O futuro do cinema brasileiro foi tema de uma audiência pública na Câmara dos Deputados que reuniu parlamentares, lideranças do setor e representantes da sociedade civil na quarta-feira (3), em Brasília. Promovido pela Comissão de Cultura em parceria com a Associação de Profissionais do Audiovisual Negro (Apan), o encontro colocou em pauta a baixa representatividade negra no setor, principalmente de mulheres, e a ampliação de medidas de reparação histórica. Com informações da Agência Brasil.
Os números revelam a dimensão do problema. Em 2016, a Ancine mostrou que apenas 2% dos diretores de filmes lançados comercialmente eram negros. Entre roteiristas, o índice era de 4%. Já em mais de um século de cinema nacional, menos de 1% das produções tiveram protagonismo negro, segundo levantamento do Grupo de Estudos Multidisciplinares da Ação Afirmativa (Gemaa), da Universidade do Estado do Rio de Janeiro (UERJ).
Para Tatiana Carvalho Costa, presidente da Apan, este é um momento decisivo. “As discussões em Brasília ocorrem em um cenário que consideramos um ponto de inflexão: de um lado, há conquistas recentes em políticas públicas e, de outro, o desafio de consolidar a reparação histórica e o fortalecimento de uma indústria que reflita, de fato, a pluralidade e a potência da população negra, maioria no país’’, afirmou à Agência Brasil.
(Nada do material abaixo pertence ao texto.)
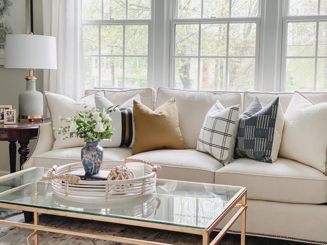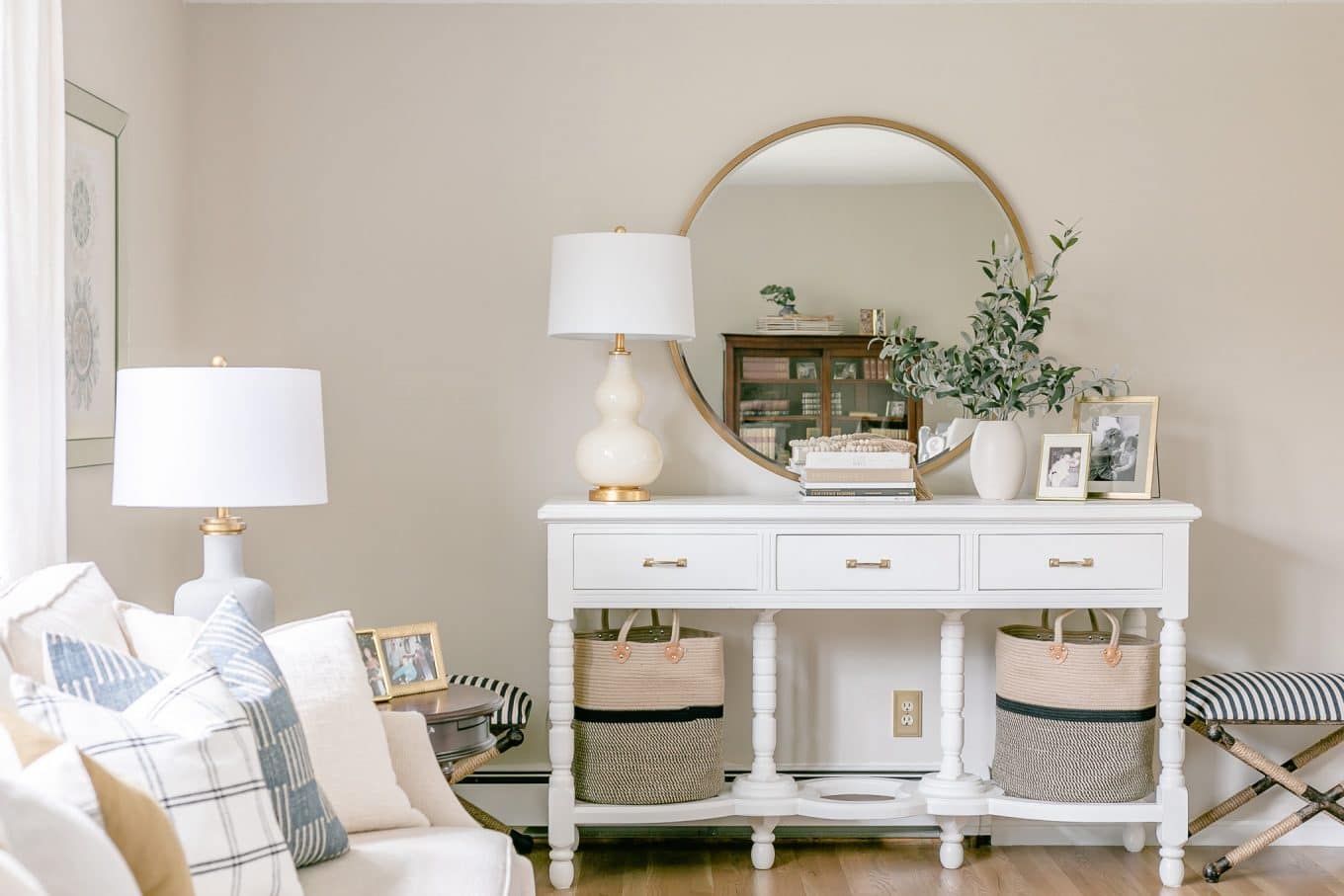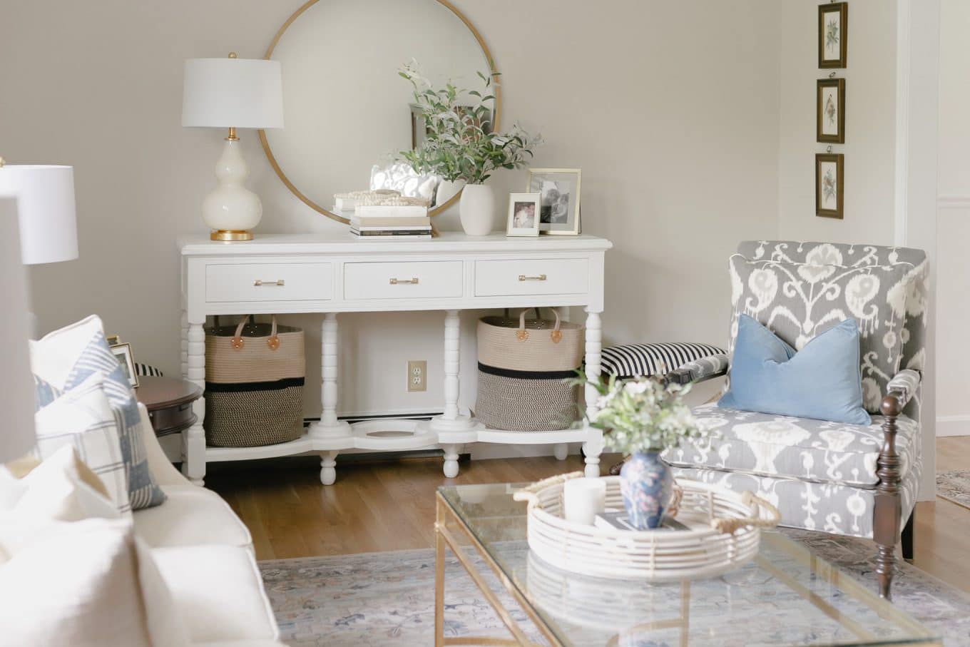 El estilo de mi hogar es un estilo de transición que combina tradición y modernidad. Me atrae todo lo relacionado con la luz, los colores brillantes, los colores neutros, los tonos cálidos de la madera y los elementos textiles naturales como el yute, el ratán y el ratán. Me encanta el color azul. Y aunque disfruto de muchas tendencias de diseño moderno (líneas limpias de mediados de siglo, sofás blancos, combinaciones de colores, muchas texturas tejidas), en última instancia quiero que mis interiores sean atemporales, espero que así sea. Así que incorporo piezas vintage tradicionales (como mesas auxiliares de caoba y alfombras de inspiración vintage) a esa estética moderna. Porque a.) nunca pasan de moda y b.) añaden riqueza y carácter (que de otro modo parecerían completamente modernos). Se siente un poco frío y plano).

Durante a audiência foram destacados avanços recentes, como normas vinculadas à Lei Paulo Gustavo e ao Programa Nacional de Apoio ao Audiovisual Brasileiro, que estabelecem ações afirmativas em nível federal. Mas, segundo a Apan, a execução dessas medidas ainda enfrenta entraves nos estados e municípios, com casos de fraudes em editais e até episódios de violência contra profissionais negros.
A pesquisadora Natália Carneiro, do Geledés/ Instituto da Mulher Negra, também participou da audiência e lembrou que o cinema sempre funcionou como “máquina de fabricar imaginários”, mas historicamente excluiu pessoas negras de papéis centrais. Segundo levantamento inédito, em 2022, homens brancos receberam cerca de 30 vezes mais recursos públicos do que mulheres negras.
Dos 142 longas-metragens lançados até 2019, apenas um havia sido dirigido individualmente por uma mulher negra — Amor Maldito (1984), de Adélia Sampaio —, segundo dados do Gemaa. O segundo só veio décadas depois, com Um Dia Com Jerusa (2020), de Viviane Ferreira.
Presente na audiência, Viviane apresentou o estudo “Empresas audiovisuais vocacionadas para reparação histórica” e reforçou que não basta produzir filmes isolados, mas que há a necessidade de estruturar companhias lideradas por profissionais negros no setor. “Não adianta só fazer filmes, tem que aprender a captar recursos. Então, sem fortalecimento de nossas empresas, não estamos em um lugar de tranquilidade fazendo filmes “, afirmou.
Entre as propostas debatidas, a Apan também reforçou a importância de ampliar o apoio às Empresas Audiovisuais Vocacionadas para a Reparação Histórica — companhias lideradas majoritariamente por pessoas negras e indígenas — como caminho estratégico para transformar o mercado e garantir maior pluralidade.